THE LIBRARY OF AMERICA
The Library of America, a nonprofit publisher and educational outreach entity, was founded in 1979 with grants from the Ford Foundation and the National Endowment for the Humanities. Although its mission was a well-grounded and no-nonsense business approach to publishing, it essentially was fulfilling a long-held dream by the great critic Edmund Wilson and others. The United States of America, they felt, ought to have a publications series of high standards and high quality of production for its national literature, and it ought to reflect the diversity and traditions of all of its writing.
The first books appeared in 1982, when I first began selling new books in an independent book store here in Carlisle. (The founding of Whistlestop Bookshop was three years away.) I still have my copies of Hawthorne, Melville, and Whitman. I won’t tell you how many of the 300+ to date I have acquired, but I am happy to say I never regretted one. The books are remarkably beautiful and efficient and scholarly and finely-made. They are sometimes the only respectable edition available (beware of photo-offset print-on-demand editions!). The accompanying chronologies and notes and textual discussions of every volume are a joy and an education. I cannot praise them too highly.
This listing is what I carry in the store. If you would like other volumes, send me an e-mail or call the store. Enjoy browsing, buying, and owning landmark definitive editions of great writers or great American subjects.
The listings are alphabetical by author except for new or recent anthologies at the top. Older anthologies are at the bottom of the page.
All James Baldwin titles and Ursula K. Le Guin titles are on the respective pages of the authors.
Maxine Hong Kingston: The Woman Warrior, China Men, Tripmaster Monkey: His Fake Book, Other Writings
Maxine Hong Kingston: The Woman Warrior, China Men, Tripmaster Monkey: His Fake Book, Other Writings
The largest and most comprehensive edition of our foremost Asian American writer: three classic books and additional writings, many rare, that together offer a vivid and searching portrait of immigrant experience and American dreams.
Maxine Hong Kingston made a stunning entrance on the American literary scene with The Woman Warrior (1976), her “memoirs of a childhood among ghosts.” Not only an account of growing up poor and Chinese American in the San Joaquin Valley, it was also an audacious feat of imaginative transformation and pathbreaking work of feminist autobiography, drawing on ancient myths and the family stories her mother brought over from China to make sense of a transformed life in America.
A companion to The Woman Warrior, which she called her “mother-book,” Kingston’s “father-book” China Men (1980) spreads out across a large geographical and historical canvas to envision the lives of her male relatives who immigrated to America. Taken together, The Woman Warrior and China Men offer a profound, kaleidoscopic, genre-defying narrative of the American experience.
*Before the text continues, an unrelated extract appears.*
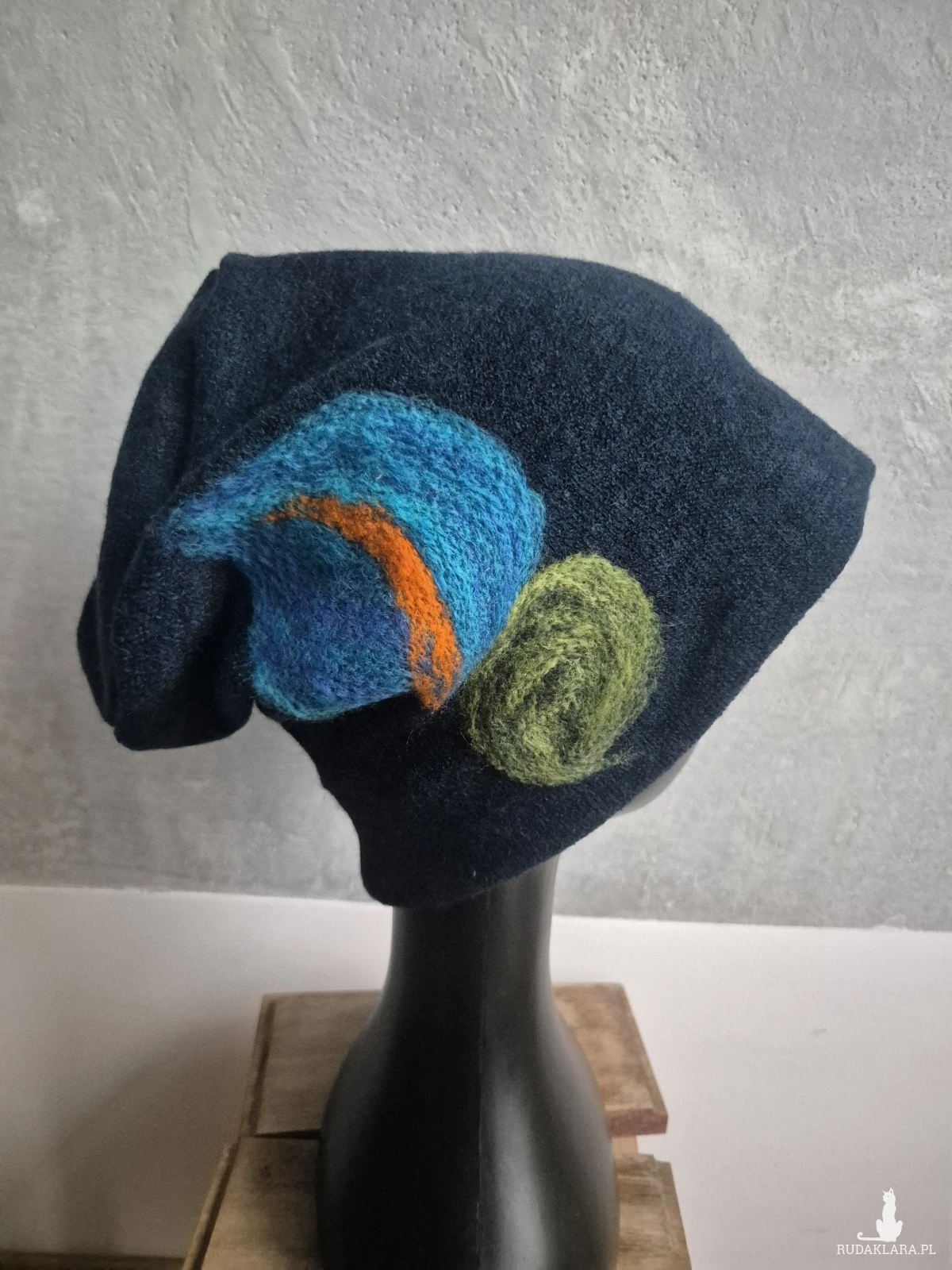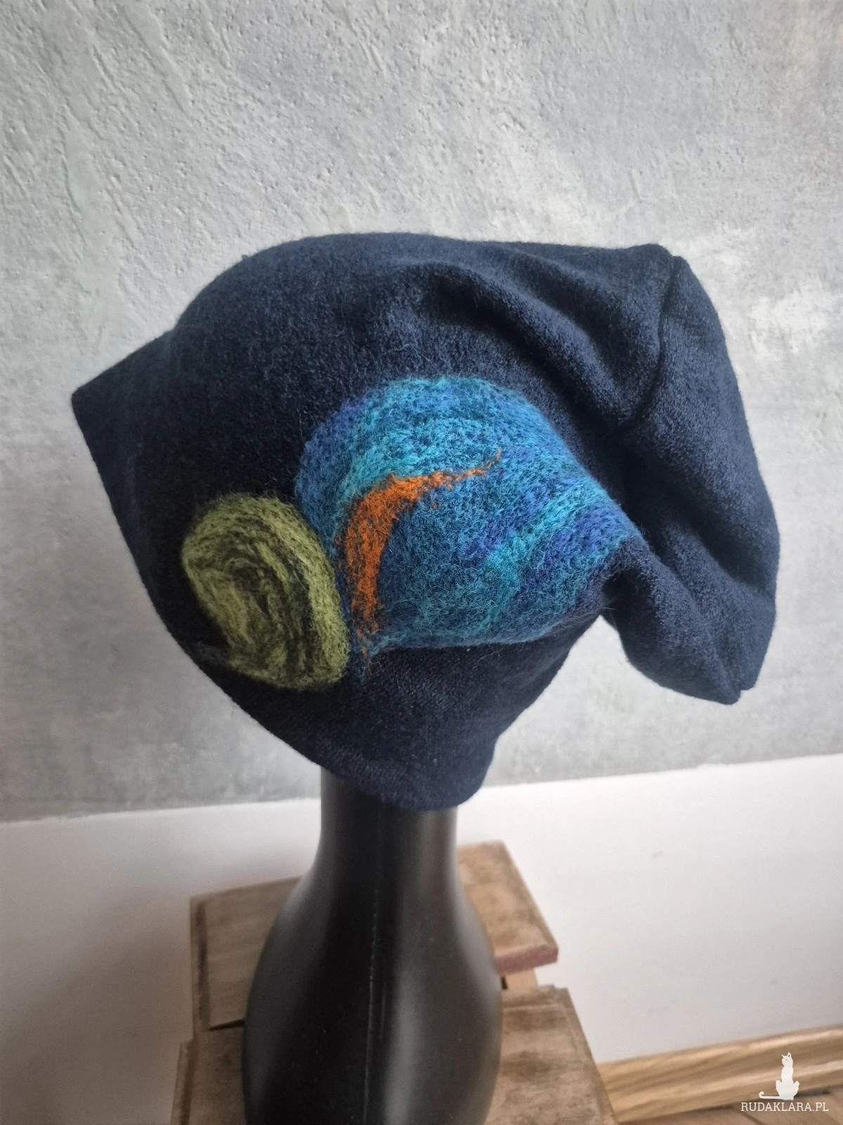 czapka wełniana filcowana zimowa granatowa handmade w kwiaty na podszewce, motyw z dwóch stron taki sam-- rozmiar uniwersalny, wełniana, filcowana wełną merynosów, bardzo ciepła, fantastyczna, miła, miękko układa się na głowie, niesamowicie zwraca uwagę, doskonałą na codzienne noszenie jak i na prezent, zawsze możesz ją założyć po basenie i przeżyjesz,box a1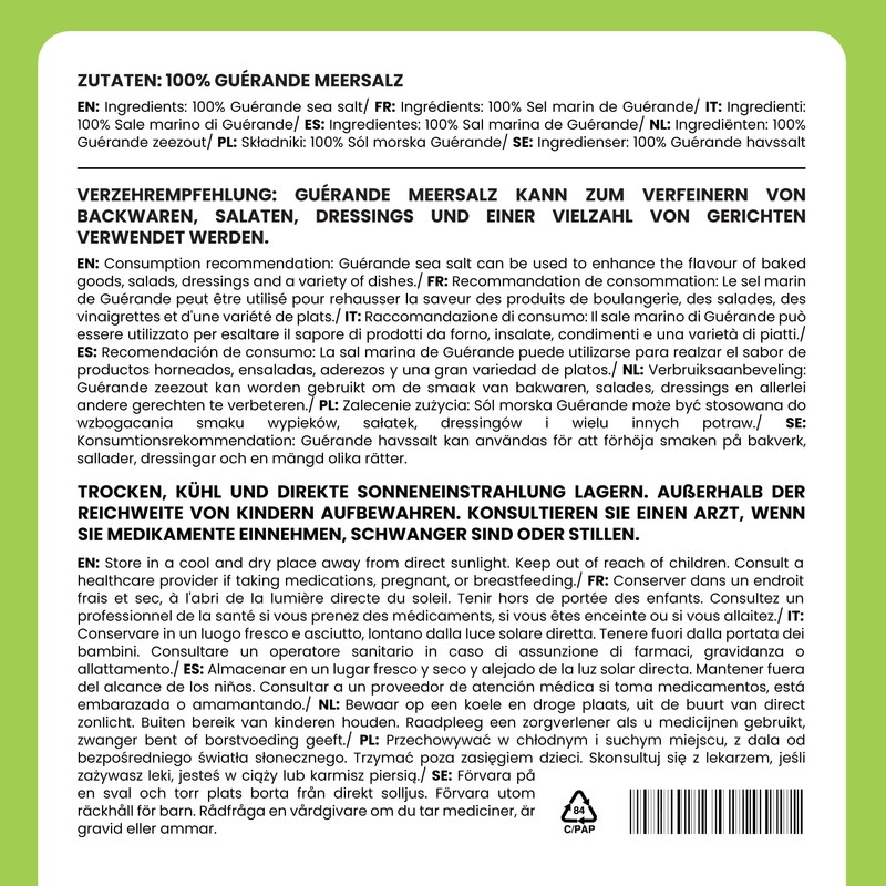 - Commitment to quality: Sel de guerande is a genuine natural product harvested by hand by dedicated farmers. As this is a natural product, slight variations in colour, grain size and composition may occur, but these do not affect the quality of the product.

Kingston’s third book, Tripmaster Monkey: His Fake Book (1989), is the wildly inventive story of Wittman Ah Sing, a Berkeley graduate student whose experience of the San Francisco Beat scene transforms his understanding of his own Chinese heritage.
Rounding out the volume are a series of essays from 1978 reflecting on her life in Hawaii, later collected as Hawai‘i One Summer, personal musings whose subjects range from the contentions of a conference of Asian American writers to home-buying, surfing, and the work of the Beat poet Lew Welch.
Also included are hard-to-find essays about the creative process and Kingston’s exasperated, insightful account of how most of the reviewers of The Woman Warrior fell prey to lazy stereotypes about the “exotic” and “inscrutable” East.